It’s been hot here in Southern California considering it’s nearly the end of October. One of my favorite things to eat for breakfast on a hot California morning is a nice cool jar of overnight oats. I think we can all agree that peanut butter and banana are pretty amazing together. This is probably the best combination of flavors I’ve ever had in a jar of overnight oats.
Fair warning, however; this breakfast is high in calorie and high in fat. If you want something lower in calorie, I would suggest nixing the nuts and keeping the peanut butter portion down to two tablespoons. You can also use reduced fat peanut butter, which is what I used. It saves a tiny amount of calories and fat. I’m never one to buy reduced fat anything but some time ago I discovered reduced fat peanut butter by Skippy and fell in love. It’s less oily, which I like.
This recipe is quick to prepare the night before and the morning of. You can add the honey and peanut butter the night before to save some time if you’d like. I’ve tried throwing all the ingredients together the night before (and mixing) and I didn’t like it as much.
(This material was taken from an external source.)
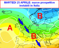 Tra domenica 23 e martedì 25 aprile ecco l’apertura di una nuova fase instabile sull’Italia dettata da correnti fresche di matrice nord occidentale (seconda mappa).

Just a little tip from me to you!
- 1 small ripe banana
- ½ c. oats
- pinch of salt
- ½ c. almond milk
- ½ T. honey
- 2 to 3 T. peanut butter
- 2 T. chopped peanuts (I used roasted peanuts)
- The night before you’re going to eat your oats, place the oats and a pinch of salt in a mason jar. Cover and shake the jar to distribute the salt. Pour almond milk into the jar and cover tightly. Store in the refrigerator overnight.
- When you’re ready to eat breakfast, top the oats with peanut butter, honey and peanuts. Stir together.